Work to be completed -> Your reply should consist of the listing, copied exactly.

Recorded data ->
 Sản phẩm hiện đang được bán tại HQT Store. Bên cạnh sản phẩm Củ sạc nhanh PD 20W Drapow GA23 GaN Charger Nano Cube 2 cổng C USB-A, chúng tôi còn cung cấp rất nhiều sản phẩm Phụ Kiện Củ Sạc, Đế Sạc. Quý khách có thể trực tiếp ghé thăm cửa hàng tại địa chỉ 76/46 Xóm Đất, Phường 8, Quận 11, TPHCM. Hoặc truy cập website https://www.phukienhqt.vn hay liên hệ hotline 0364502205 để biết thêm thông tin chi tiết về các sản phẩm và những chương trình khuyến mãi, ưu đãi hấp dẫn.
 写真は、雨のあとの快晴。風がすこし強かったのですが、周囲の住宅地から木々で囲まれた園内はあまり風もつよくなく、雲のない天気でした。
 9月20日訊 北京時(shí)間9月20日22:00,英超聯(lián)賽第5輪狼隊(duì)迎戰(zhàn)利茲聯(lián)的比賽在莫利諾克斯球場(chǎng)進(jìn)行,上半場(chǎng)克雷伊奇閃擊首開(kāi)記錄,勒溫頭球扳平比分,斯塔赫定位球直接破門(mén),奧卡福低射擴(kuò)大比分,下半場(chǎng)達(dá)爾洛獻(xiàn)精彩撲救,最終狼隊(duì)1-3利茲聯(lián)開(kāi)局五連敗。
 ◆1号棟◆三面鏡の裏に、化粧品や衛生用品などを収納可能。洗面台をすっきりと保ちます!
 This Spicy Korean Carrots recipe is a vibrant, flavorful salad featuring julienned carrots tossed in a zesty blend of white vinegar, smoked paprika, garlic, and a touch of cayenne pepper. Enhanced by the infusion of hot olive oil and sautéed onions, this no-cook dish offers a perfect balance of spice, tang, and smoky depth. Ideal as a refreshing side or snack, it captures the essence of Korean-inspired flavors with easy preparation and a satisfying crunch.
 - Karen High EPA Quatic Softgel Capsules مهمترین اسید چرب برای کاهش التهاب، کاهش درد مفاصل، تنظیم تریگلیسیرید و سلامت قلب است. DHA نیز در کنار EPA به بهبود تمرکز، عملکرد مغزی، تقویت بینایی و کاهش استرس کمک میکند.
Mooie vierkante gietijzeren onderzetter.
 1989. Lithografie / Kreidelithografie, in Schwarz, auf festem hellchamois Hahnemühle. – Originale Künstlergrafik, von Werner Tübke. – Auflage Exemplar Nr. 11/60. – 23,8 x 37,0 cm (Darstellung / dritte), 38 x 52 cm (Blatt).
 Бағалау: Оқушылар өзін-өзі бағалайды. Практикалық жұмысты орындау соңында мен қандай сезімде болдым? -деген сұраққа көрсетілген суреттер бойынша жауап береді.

Response box ->
 Sản phẩm hiện đang được bán tại HQT Store. Bên cạnh sản phẩm Củ sạc nhanh PD 20W Drapow GA23 GaN Charger Nano Cube 2 cổng C USB-A, chúng tôi còn cung cấp rất nhiều sản phẩm Phụ Kiện Củ Sạc, Đế Sạc. Quý khách có thể trực tiếp ghé thăm cửa hàng tại địa chỉ 76/46 Xóm Đất, Phường 8, Quận 11, TPHCM. Hoặc truy cập website https://www.phukienhqt.vn hay liên hệ hotline 0364502205 để biết thêm thông tin chi tiết về các sản phẩm và những chương trình khuyến mãi, ưu đãi hấp dẫn.
 写真は、雨のあとの快晴。風がすこし強かったのですが、周囲の住宅地から木々で囲まれた園内はあまり風もつよくなく、雲のない天気でした。
 9月20日訊 北京時(shí)間9月20日22:00,英超聯(lián)賽第5輪狼隊(duì)迎戰(zhàn)利茲聯(lián)的比賽在莫利諾克斯球場(chǎng)進(jìn)行,上半場(chǎng)克雷伊奇閃擊首開(kāi)記錄,勒溫頭球扳平比分,斯塔赫定位球直接破門(mén),奧卡福低射擴(kuò)大比分,下半場(chǎng)達(dá)爾洛獻(xiàn)精彩撲救,最終狼隊(duì)1-3利茲聯(lián)開(kāi)局五連敗。
 ◆1号棟◆三面鏡の裏に、化粧品や衛生用品などを収納可能。洗面台をすっきりと保ちます!
 This Spicy Korean Carrots recipe is a vibrant, flavorful salad featuring julienned carrots tossed in a zesty blend of white vinegar, smoked paprika, garlic, and a touch of cayenne pepper. Enhanced by the infusion of hot olive oil and sautéed onions, this no-cook dish offers a perfect balance of spice, tang, and smoky depth. Ideal as a refreshing side or snack, it captures the essence of Korean-inspired flavors with easy preparation and a satisfying crunch.
 - Karen High EPA Quatic Softgel Capsules مهمترین اسید چرب برای کاهش التهاب، کاهش درد مفاصل، تنظیم تریگلیسیرید و سلامت قلب است. DHA نیز در کنار EPA به بهبود تمرکز، عملکرد مغزی، تقویت بینایی و کاهش استرس کمک میکند.
Mooie vierkante gietijzeren onderzetter.
 1989. Lithografie / Kreidelithografie, in Schwarz, auf festem hellchamois Hahnemühle. – Originale Künstlergrafik, von Werner Tübke. – Auflage Exemplar Nr. 11/60. – 23,8 x 37,0 cm (Darstellung / dritte), 38 x 52 cm (Blatt).
 Бағалау: Оқушылар өзін-өзі бағалайды. Практикалық жұмысты орындау соңында мен қандай сезімде болдым? -деген сұраққа көрсетілген суреттер бойынша жауап береді.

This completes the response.